A notorious cryptocurrency miner group called the 8220 Gang has been observed using a new crypter called ScrubCrypt to perform cryptojacking operations.
According to Fortinet FortiGuard Labs, the attack chain begins by successfully exploiting a susceptible Oracle WebLogic server and downloading a PowerShell script containing ScrubCrypt.
A crypter is a type of software that can encrypt, obfuscate, and manipulate malware in order to avoid detection by security programs.
ScrubCrypt, touted for sale by its creators, has the ability to bypass Windows Defender protections and check for the presence of debugging and virtual machine environments.
“ScrubCrypt is a crypter used to protect applications with its own BAT packing method,” said security researcher Cara Lin in a technical report. She says “The encrypted data at the top can be split into her four parts using backslashes ‘\’.”
In its final stage, the crypter decodes the miner payload and loads it into memory, thereby starting the miner process.
This threat actor has a track record of compromising targets using publicly disclosed vulnerabilities, and our latest findings are no exception.
Discover the hidden dangers of third-party SaaS apps
Are you aware of the risks associated with third-party app access to your company’s SaaS apps?
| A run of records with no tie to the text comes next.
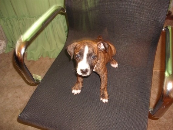 Это щенок от стафорда :))) Правда отец щенка просто крестьянин. Скоро будут маленькие стафордята - тогда выложу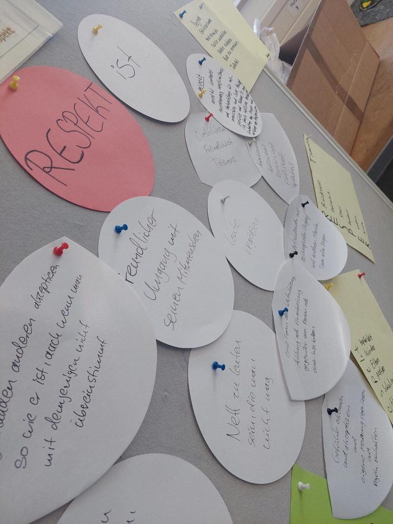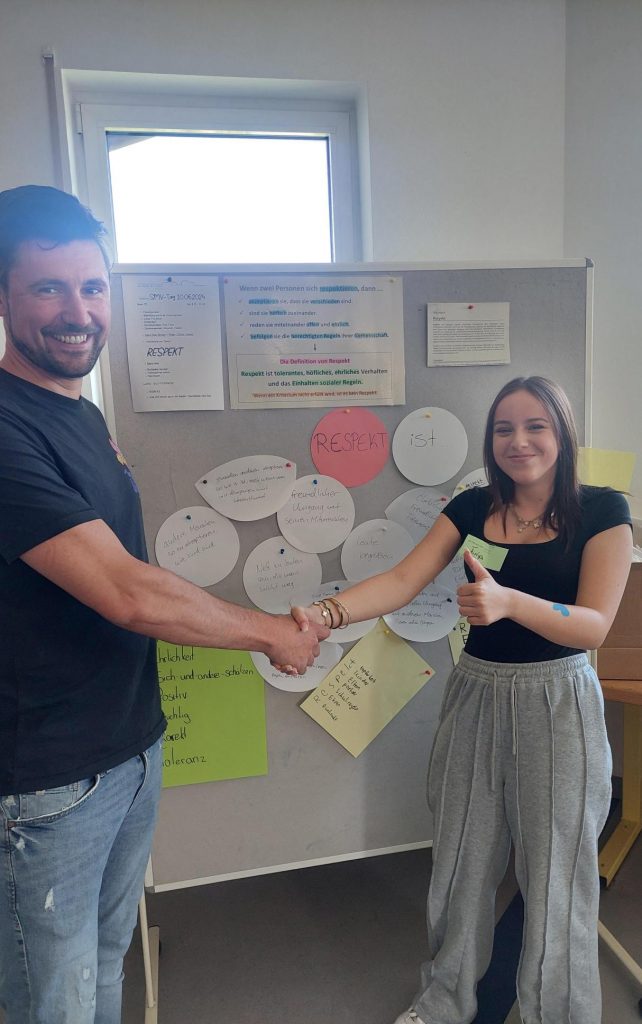 Der Tag begann mit einer herzlichen Begrüßung und einem Austausch innerhalb der Gruppe, um uns besser kennenzulernen. In einer Stimmungsrunde wurde schnell deutlich, dass Respekt ein wichtiger Bestandteil des Zusammenlebens ist. Unsere Konrektorin Frau Bayer führte uns dann nach ihrer Begrüßung in das Thema Respekt ein, betonte die Bedeutung von Wertschätzung, Rücksichtnahme und Anerkennung. Dazu wurde gemeinsam das Wort „Respekt“ in großen Holzbuchstaben gestaltet und mit passenden Wörtern beschriftet. Nach einer Pause setzten wir die Gespräche fort und planten zukünftige Aktivitäten der SMV. „Frau Holderbach und Herr Bodenmüller, unsere Vertrauenslehrer, waren an diesem Tag immer da und begleiteten uns bei diesem schwierigen und interessanten Thema.“; schwärmt Elina (7a). „Es war eine inspirierende Veranstaltung, die uns daran erinnerte, wie wichtig es ist, respektvoll miteinander umzugehen.“, ergänzt Schülerin Noemi (10b).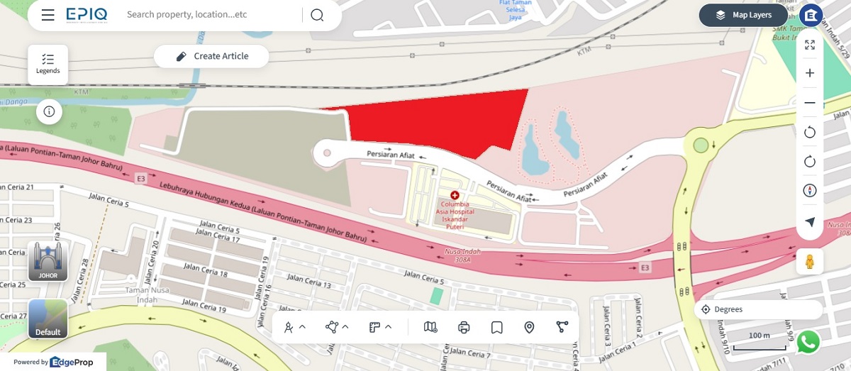 The site lies off the north side of Lebuhraya Hubungan Kedua (Laluan Pontian – Taman Johor Bahru), approximately 14.5km north-west of Johor Bahru city centre, within the Iskandar Puteri locality near the established suburban township of Bukit Indah.

Join our webinar to learn about the types of permissions granted and how to minimize the risks.
reserve a seat
This development is also a detailed attack on Sydig carried out by the 8220 gang between November 2022 and January 2023 to compromise vulnerable Oracle WebLogic and Apache web servers to drop the XMRig miner. occurs.
In late January 2023, Fortinet also launched a cryptojacking attack leveraging a Microsoft Excel document containing a malicious VBA macro configured to download a Monero (XMR) mining executable on the infected system. discovered.